Locally led development (LLD) has gained prominence as an approach that operationalises development effectiveness principles in practice. Over time, official development assistance from members of the Development Assistance Committee (DAC) reaching local actors has increased gradually, reflecting a series of policy commitments by the DAC across development, humanitarian and peacebuilding contexts. LLD is now widely recognised as a framework that places local actors at the centre of shaping and driving their own development trajectories.

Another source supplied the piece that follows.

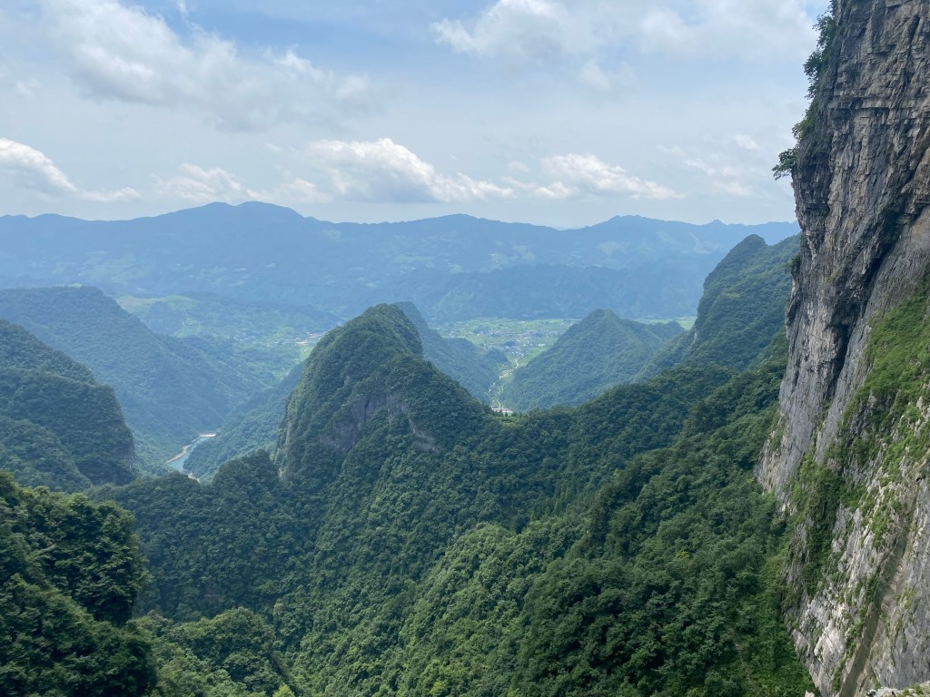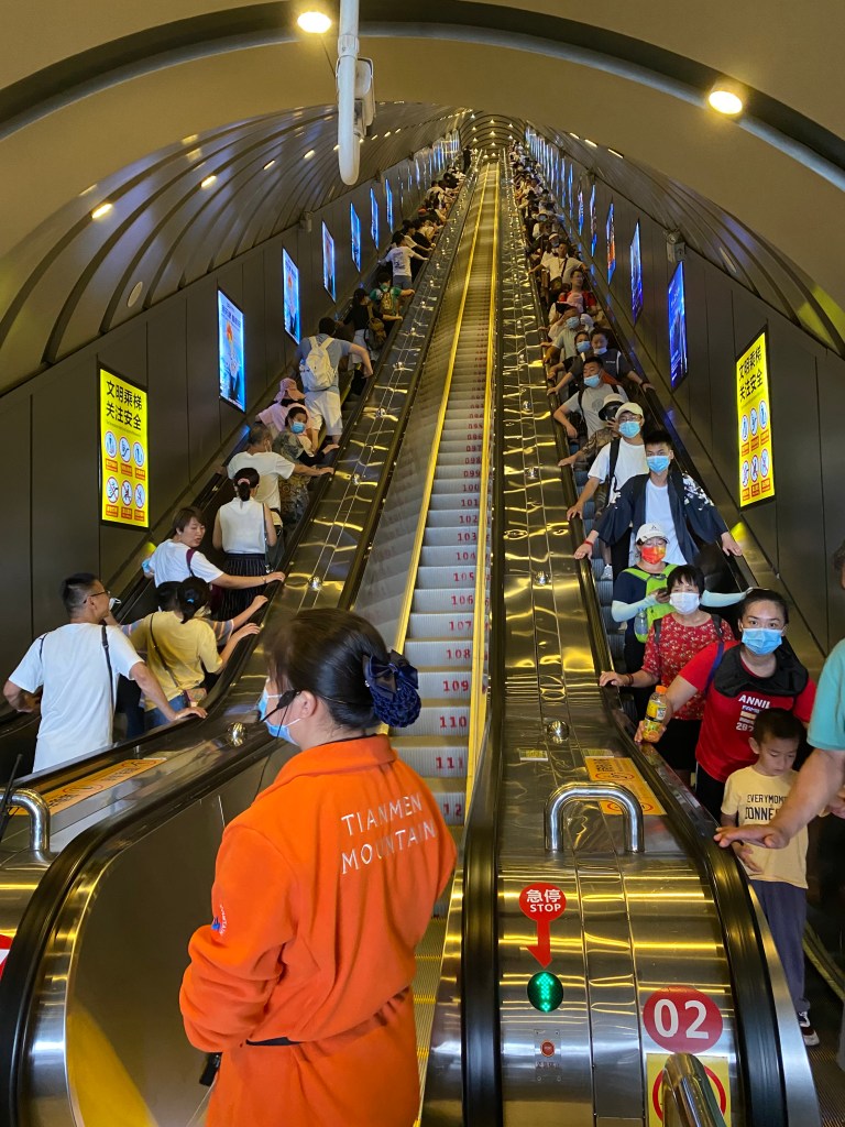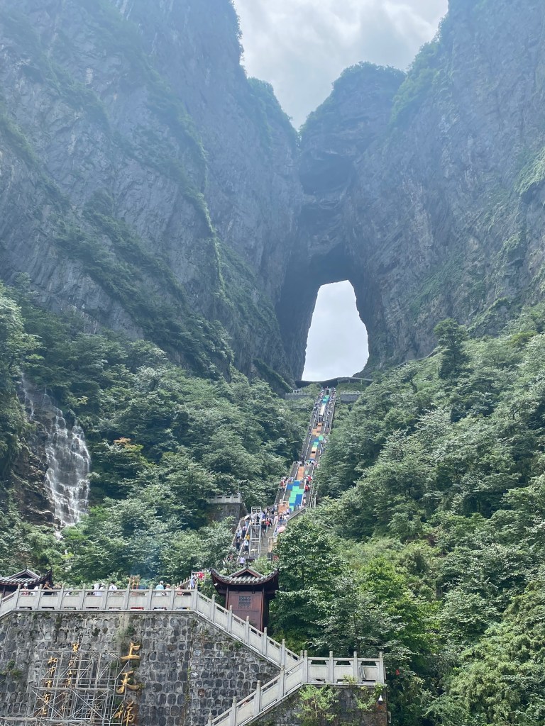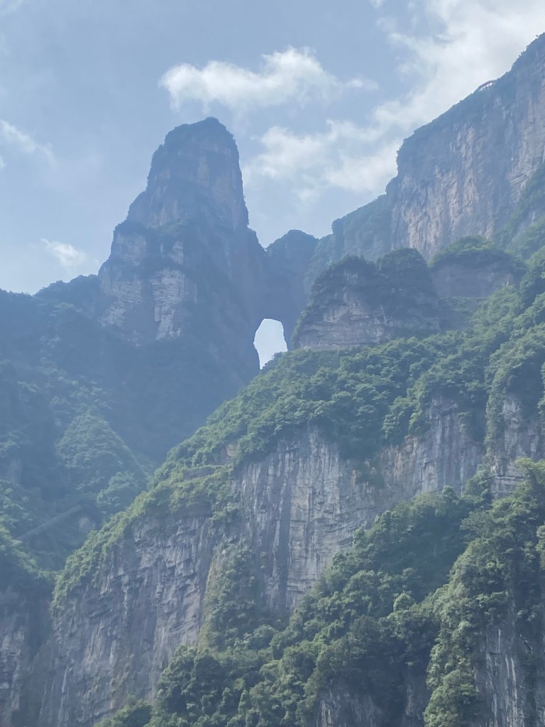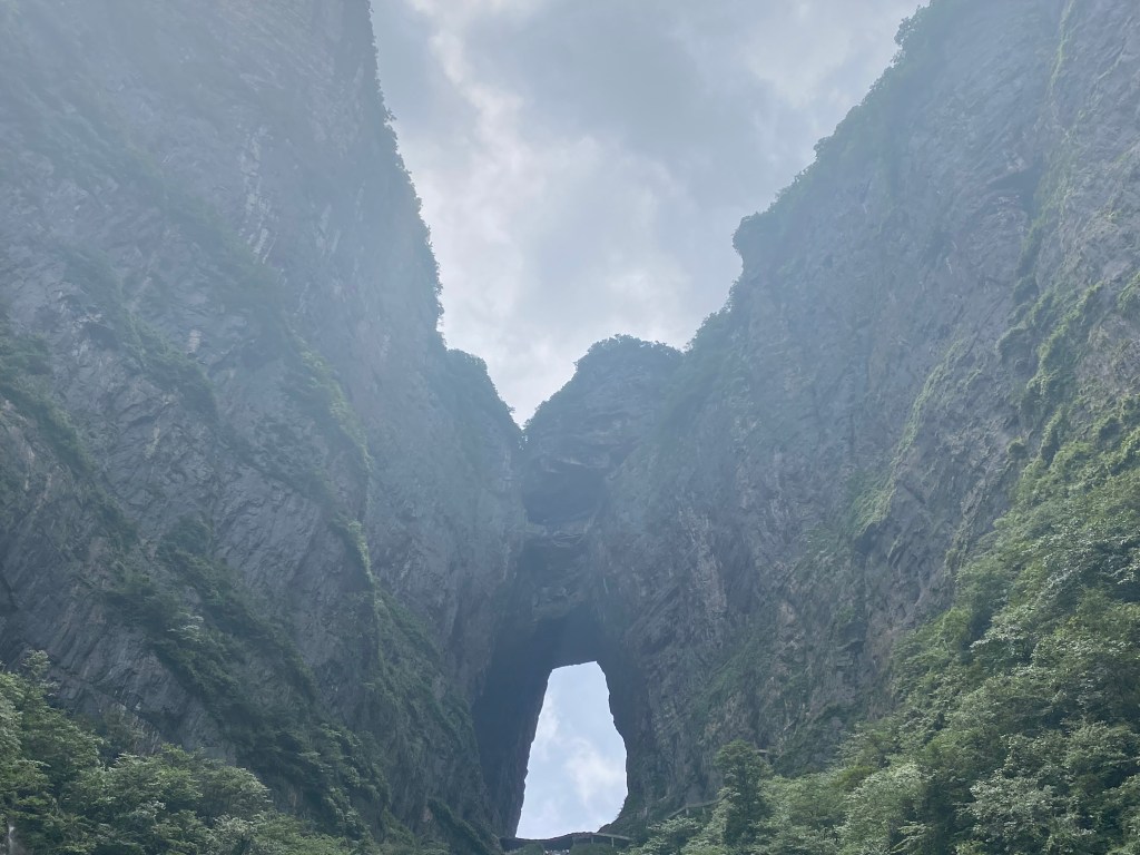 Après avoir arpenté les montagnes de Zhangjiajie (voir mon article précédent), nous nous sommes rendus dans l’autre parc national, qui jouxtait le premier, celui de la montagne Tian Men (littéralement, la porte du ciel).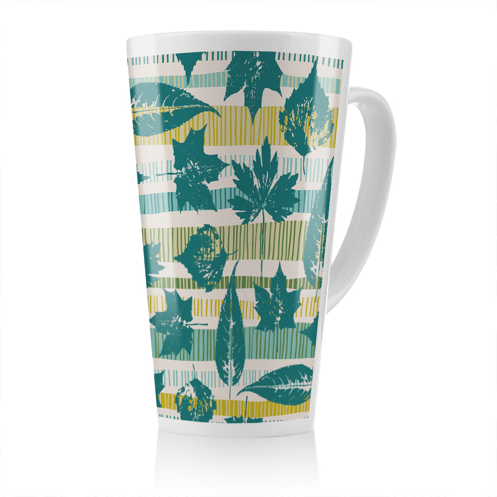 Autumn Pattern With Leaves On Geometric Latte Mug

Yet, for most DAC members, translating these commitments into consistent policies, programme design, funding practices and institutional behaviour remains a work in progress. Deep-rooted mindsets and operational, financial and institutional constraints continue to a varying degree to shape how development partners and their intermediaries allocate power, agency and resources to diverse local actors across the development system. Turning ambition into practice requires mobilising core institutional functions, such as human resources, procurement, finance and risk management, to align systems, incentives and behaviours with LLD objectives.

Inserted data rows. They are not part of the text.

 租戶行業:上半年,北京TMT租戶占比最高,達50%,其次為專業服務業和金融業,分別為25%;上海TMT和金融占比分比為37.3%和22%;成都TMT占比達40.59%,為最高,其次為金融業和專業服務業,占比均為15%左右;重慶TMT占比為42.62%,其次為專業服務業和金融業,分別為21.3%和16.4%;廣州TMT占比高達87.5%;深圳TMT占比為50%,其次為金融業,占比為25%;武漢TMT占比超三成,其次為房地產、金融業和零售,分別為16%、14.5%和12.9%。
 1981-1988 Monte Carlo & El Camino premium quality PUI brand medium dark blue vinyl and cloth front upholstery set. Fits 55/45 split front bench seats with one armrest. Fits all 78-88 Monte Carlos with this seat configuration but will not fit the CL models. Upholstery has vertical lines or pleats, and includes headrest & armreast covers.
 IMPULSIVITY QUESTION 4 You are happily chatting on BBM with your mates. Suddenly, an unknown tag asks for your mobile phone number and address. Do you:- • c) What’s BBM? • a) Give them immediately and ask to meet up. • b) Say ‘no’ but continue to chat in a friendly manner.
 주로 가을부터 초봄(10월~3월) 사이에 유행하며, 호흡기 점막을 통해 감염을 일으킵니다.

These practical guidelines aim to inspire and support DAC members to enable LLD more deliberately and at a greater pace, by reflecting on how their existing systems can evolve, where new approaches may be tested, and how collective action by DAC Members can respond to local actors’ calls to strengthen local agency, rebalance power and build a renewed culture of global solidarity to underpin the international development system. This includes examining how internal governance arrangements and decision-making structures may shape, and in some cases constrain, the extent to which locally led approaches can be meaningfully advanced in practice.